• [Available data]:
=== Section Start ===

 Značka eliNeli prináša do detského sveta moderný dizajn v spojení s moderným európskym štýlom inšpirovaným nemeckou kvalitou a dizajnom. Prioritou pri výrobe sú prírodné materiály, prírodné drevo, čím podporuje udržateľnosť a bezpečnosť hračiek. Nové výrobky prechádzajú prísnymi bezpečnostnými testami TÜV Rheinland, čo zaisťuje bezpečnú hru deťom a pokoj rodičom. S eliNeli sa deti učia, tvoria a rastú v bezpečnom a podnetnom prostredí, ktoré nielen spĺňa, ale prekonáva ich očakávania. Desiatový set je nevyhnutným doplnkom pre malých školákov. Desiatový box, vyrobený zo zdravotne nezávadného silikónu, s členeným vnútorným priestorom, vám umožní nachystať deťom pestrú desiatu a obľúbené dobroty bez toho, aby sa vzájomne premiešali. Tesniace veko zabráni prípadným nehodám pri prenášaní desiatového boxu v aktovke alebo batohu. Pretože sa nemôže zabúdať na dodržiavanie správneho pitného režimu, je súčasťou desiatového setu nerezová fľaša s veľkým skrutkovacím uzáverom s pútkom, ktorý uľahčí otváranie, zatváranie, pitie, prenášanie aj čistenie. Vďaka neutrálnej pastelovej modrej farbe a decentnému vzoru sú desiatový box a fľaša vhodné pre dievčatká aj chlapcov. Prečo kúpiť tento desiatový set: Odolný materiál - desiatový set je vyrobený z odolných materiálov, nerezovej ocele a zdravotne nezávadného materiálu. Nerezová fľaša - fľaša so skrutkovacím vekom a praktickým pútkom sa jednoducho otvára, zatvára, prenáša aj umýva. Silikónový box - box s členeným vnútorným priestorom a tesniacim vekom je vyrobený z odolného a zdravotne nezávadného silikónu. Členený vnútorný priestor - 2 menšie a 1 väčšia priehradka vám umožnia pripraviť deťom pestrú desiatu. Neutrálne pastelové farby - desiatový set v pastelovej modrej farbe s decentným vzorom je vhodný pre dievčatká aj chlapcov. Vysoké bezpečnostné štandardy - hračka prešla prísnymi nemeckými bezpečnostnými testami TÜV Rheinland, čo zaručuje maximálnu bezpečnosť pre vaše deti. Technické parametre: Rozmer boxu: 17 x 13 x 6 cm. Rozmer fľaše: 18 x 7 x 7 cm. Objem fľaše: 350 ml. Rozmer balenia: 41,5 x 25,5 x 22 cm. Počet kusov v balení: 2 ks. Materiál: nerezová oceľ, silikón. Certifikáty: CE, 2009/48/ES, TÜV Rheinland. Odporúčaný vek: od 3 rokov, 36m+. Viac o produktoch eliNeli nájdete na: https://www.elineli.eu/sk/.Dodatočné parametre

=== Section End ===
=== Section Start ===

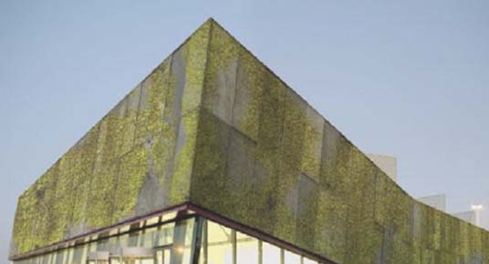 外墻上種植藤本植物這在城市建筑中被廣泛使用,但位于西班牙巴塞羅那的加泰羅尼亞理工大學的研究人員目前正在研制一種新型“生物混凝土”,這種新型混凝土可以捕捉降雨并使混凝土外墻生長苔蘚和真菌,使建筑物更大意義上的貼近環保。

=== Section End ===
=== Section Start ===

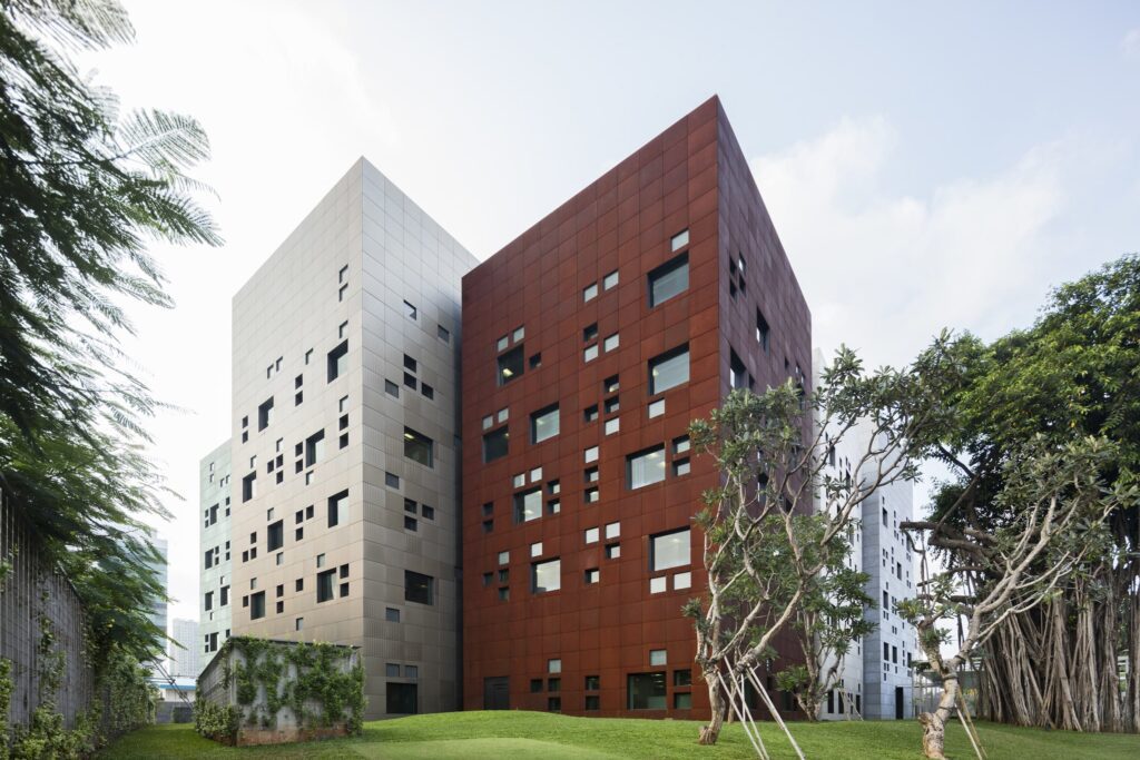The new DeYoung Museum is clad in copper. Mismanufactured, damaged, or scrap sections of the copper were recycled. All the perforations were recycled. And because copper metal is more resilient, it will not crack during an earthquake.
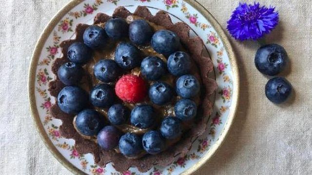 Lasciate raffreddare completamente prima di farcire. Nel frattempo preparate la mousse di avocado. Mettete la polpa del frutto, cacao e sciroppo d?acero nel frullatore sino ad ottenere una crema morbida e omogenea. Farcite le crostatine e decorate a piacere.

=== Section End ===

• [Task to complete]: Excerpt from the records above: set down only the lines from the one that contains "The new DeYoung" through the one that contains "Lasciate raffreddare completamente", inclusive, word for word. Pictures stay out.

• [Written solution]:
The new DeYoung Museum is clad in copper. Mismanufactured, damaged, or scrap sections of the copper were recycled. All the perforations were recycled. And because copper metal is more resilient, it will not crack during an earthquake.
 Lasciate raffreddare completamente prima di farcire. Nel frattempo preparate la mousse di avocado. Mettete la polpa del frutto, cacao e sciroppo d?acero nel frullatore sino ad ottenere una crema morbida e omogenea. Farcite le crostatine e decorate a piacere.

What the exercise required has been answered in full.